At least a portion of the propylene product stream 1210 can be recycled to the cracker 100 as propylene recycle stream 1215. Recycling at least a portion of the propylene product stream 1210 suppresses propylene production in the one or more crackers 100, thereby increasing the yield of ethylene in the effluent stream 110. In one or more embodiments, at least 10 vol % to 60 vol %; 20 vol % to 60 vol %; 30 vol % to 60 vol %; 40 vol % to 60 vol %; or 50 vol % to 60 vol % of the propylene product stream 1210 can be recycled to the one or more crackers 100 in the propylene recycle stream 1215. In one or more embodiments, at least 60 wt % to 100 wt %; 70 wt % to 100 wt %; 80 wt % to 100 wt %; or 90 wt % to 100 wt % of the propylene product stream 1210 can be recycled to the one or more crackers 100 in the propylene product recycle stream 1215. In one or more embodiments, recycling 20 wt % of the propylene product stream 1210 to the one or more crackers 100 can provide a relative increase in ethylene of about 10 wt % to about 12 wt %. The propylene product stream 1210 exiting the one or more C3 splitters 1200 can include about 90 wt % to about 95 wt % propylene or about 95 wt % to about 99.9 wt % propylene. In one or more embodiments, the propylene product stream 1210 can include as low as about 60 wt % propylene. In one or more embodiments, stream 1020 can be recycled in whole or in part to the reactor.

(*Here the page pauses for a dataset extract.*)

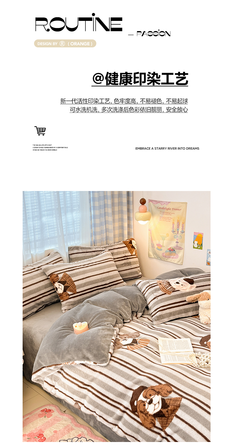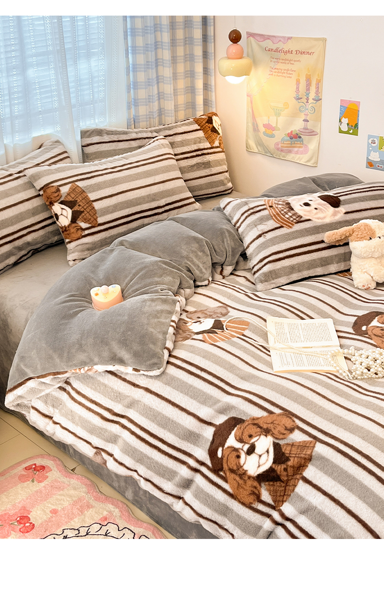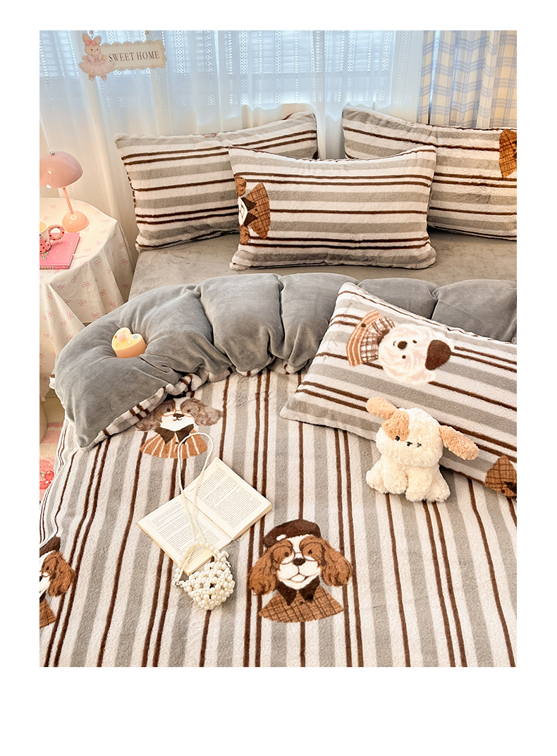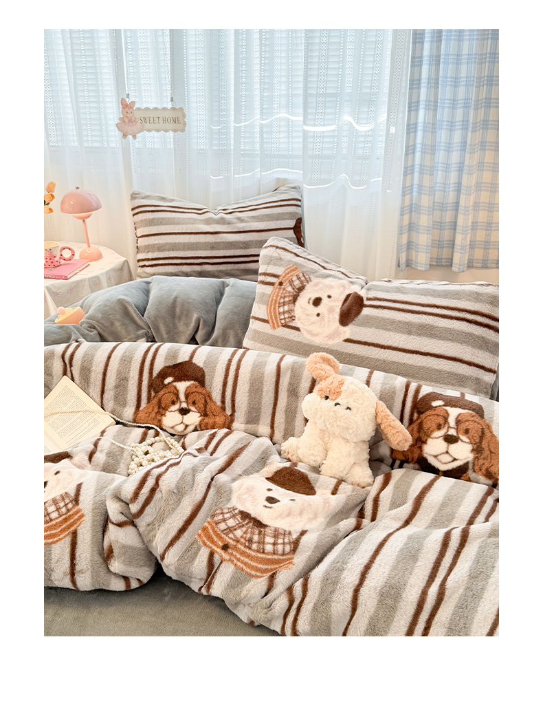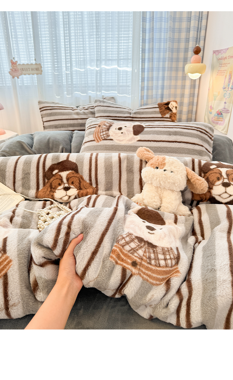 雅居纺家纺 2025新款保暖舒适兔绒印花四件套 博士狗

Considering the crackers 100 in more detail, each cracker 100 can be any system or apparatus suitable for selectively separating a hydrocarbon, including a steam pyrolytic cracker, a hydrocracker, a catalytic cracker, or a fluidized catalytic cracker. For example, the cracker 100 can be a fluidized catalytic cracker that includes a stacked reactor/regenerator, or a fluidized catalytic cracker that includes a riser/reactor, a disengager, a stripper, and a regenerator. In one or more embodiments, the cracker 100 can be a fluidized catalytic cracker that includes a dual riser/reactor, a disengager, a stripper, and a regenerator.
In one or more embodiments, at least two crackers 100 can operate in parallel or series. For example, the hydrocarbon feed stream 90 can be apportioned to at least two catalytic crackers 100, at least one fluid catalytic cracker 100 and at least one thermal cracker 100, or at least two pyrolytic crackers 100, arranged in parallel or series. In one or more embodiments, a dual riser/reactor fluidized catalytic cracker 100 can selectively separate the hydrocarbon feed stream 90, wherein at least a portion of the propylene product stream 1210 can be recycled in propylene product recycle stream 1215 to at least one riser of the dual riser/reactor fluidized catalytic cracker 100.
In one or more embodiments, the one or more catalytic crackers 100 and/or the one or more dual riser/reactor fluidized catalytic crackers 100 can employ any catalyst useful in catalytic cracking. Illustrative catalysts include, but are not limited to, Y-type zeolites, USY, REY, REUSY, faujasite, ZSM-5, and any combination thereof. In one or more embodiments, the catalyst to oil ratio can be about 5:1 to about 70:1; about 8:1 to about 25:1; or about 12:1 to about 18:1. In one or more embodiments, regenerated fluidized catalyst can contact the pre-heated hydrocarbon feed stream 90 at a temperature of about 425° C. to about 815° C.
In one or more embodiments, the hydrocarbon feed stream 90 can include about 5 wt % to about 95 wt % C4, about 5 wt % to about 95 wt % C5, about 5 wt % to about 95 wt % C6, or about 5 wt % to about 95 wt % C7 and heavier hydrocarbons. In or more embodiment, the hydrocarbon feed stream 90 can be introduced into one or more crackers 100 at temperatures ranging from a low of about 300° C., 400° C., or 500° C. to a high of about 600° C., 700° C., or 775° C. The hydrocarbon feed stream 90 can enter the cracker 100 at a temperature of about 25° C. to about 550° C.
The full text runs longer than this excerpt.